Im Vergleich mit den anderen europäischen Ländern unterscheide sich die in Deutschland vorhandene Virusvariante auch nicht. Es mache daher in der derzeitigen Situation auch keinen Sinn, „sich mit diesen 90 Tagen von den anderen EU-Staaten abzuheben“.

Kinder gehören nicht zur Risikogruppe

Laut Tenbus kann man auch bei Kindern davon ausgehen, dass über einen längeren Zeitraum ein Immunschutz besteht, wobei Kinder ohnehin kaum von schweren Verläufen betroffen seien und damit nicht zur Risikogruppe gehören würden. Im Vergleich zu den Erwachsenen sei der Immunschutz durch Impfung aufgrund der geringeren Dosis zum Teil jedoch schwächer. Trotzdem sei auch hier der Schutz vor schweren Verläufen „sicherlich gegeben“.

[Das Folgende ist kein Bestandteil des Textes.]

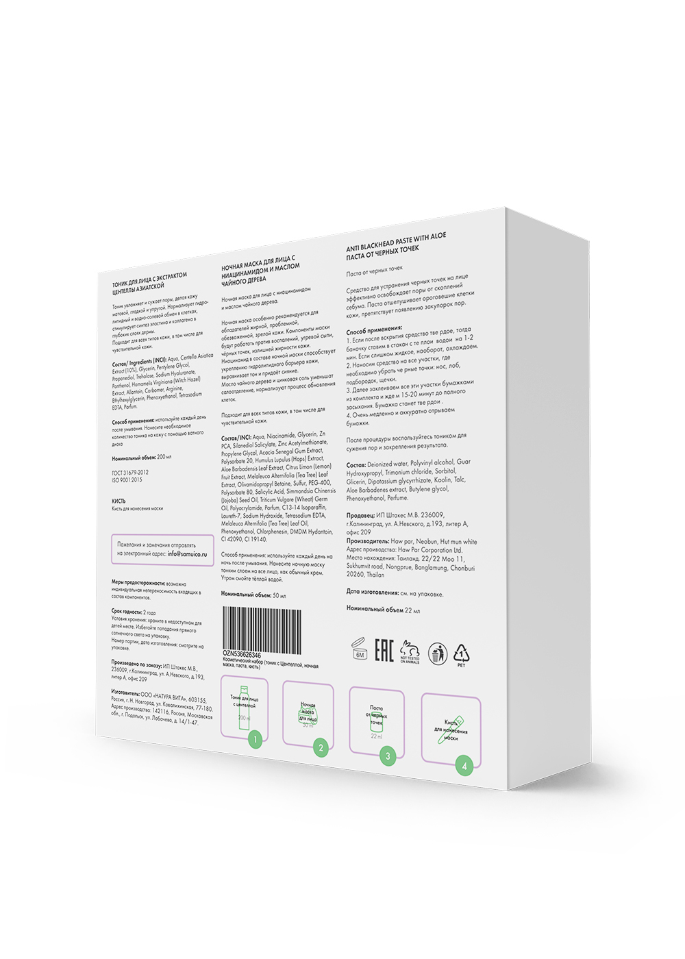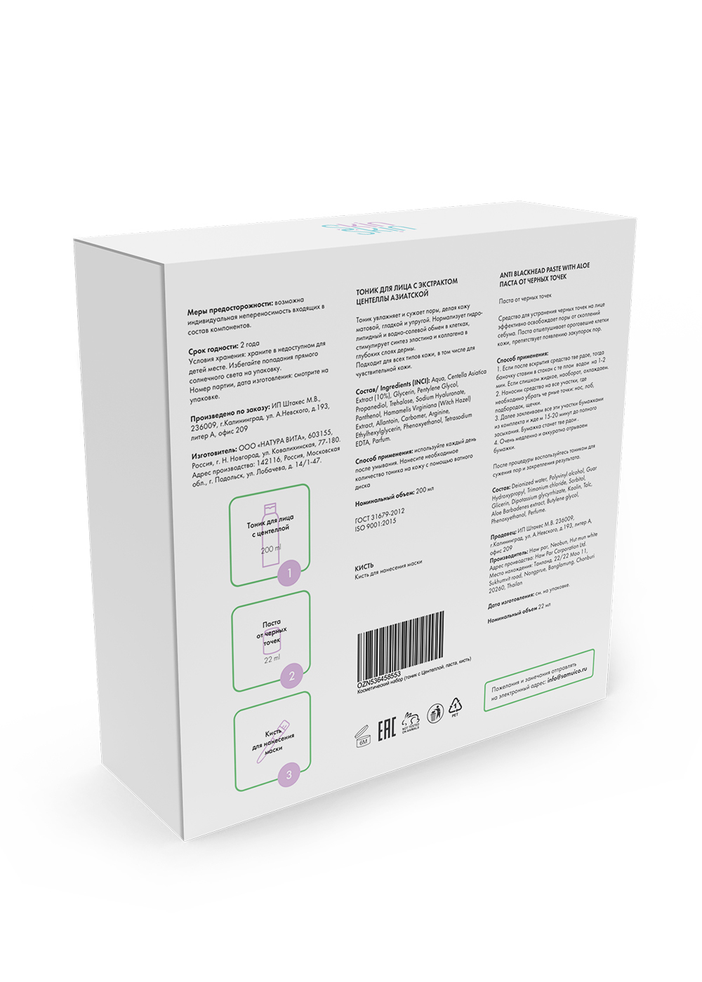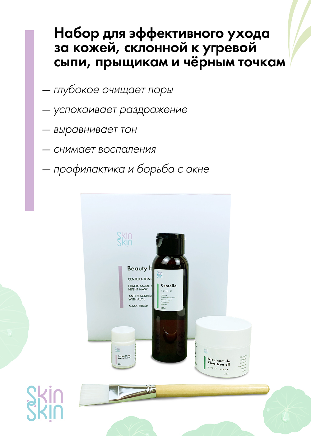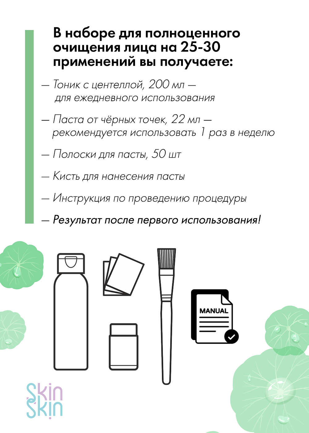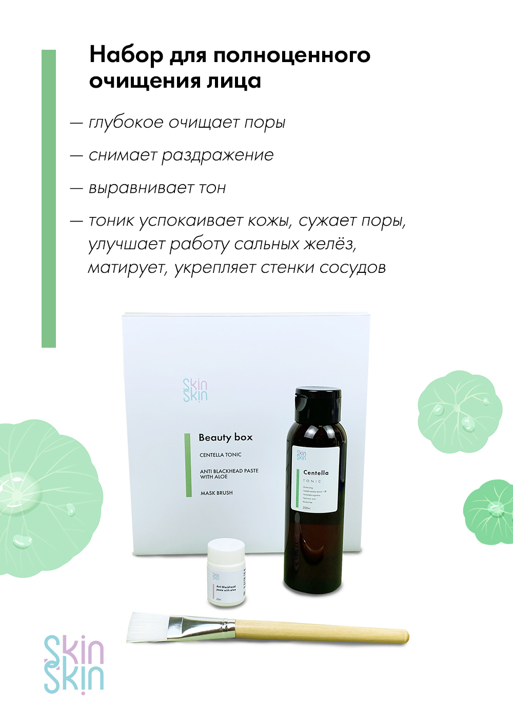 SkinSkin Beauty Box Centella - Набор от чёрных точек (тоник с Центеллой, паста от чёрных точек, кисть для нанесения пасты)
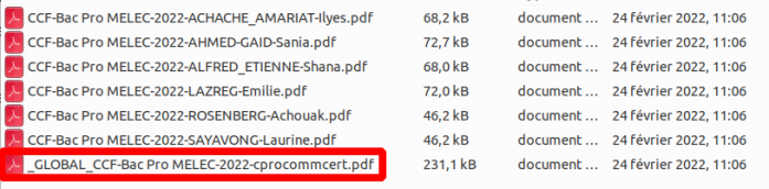 Si vous souhaitez imprimer les grilles de tous les candidats, il est préférable de choisir le dernier bouton “EXPORTER LA DIVISION (FORMAT PDF)”. Dans l'archive proposée, en plus d'un fichier par apprenant, vous trouverez un fichier dont le nom commence par _GLOBAL. Ce fichier contient toutes les grilles de tous les élèves sélectionnés. Ce format peut donc s’avérer utile pour une impression globale de tous les dossiers.

Letztlich sei es nicht zielführend, über einen zeitlichen Schutz vor einer Reinfektion von Kindern oder Erwachsenen zu spekulieren. Es gehe allein um die über 60-Jährigen und die chronisch Kranken, die sich bislang weder infiziert, noch impfen lassen haben und somit einem erhöhten Risiko einer schweren COVID-Erkrankung ausgesetzt sind. Es spiele keine Rolle, dass Kinder sich aufgrund ihrer hohen Mobilität wahrscheinlich häufiger reinfizieren.

Wann über den Antrag der CDU/CSU im Bundestag abgestimmt werden soll, war zum Redaktionsschluss noch nicht bekannt.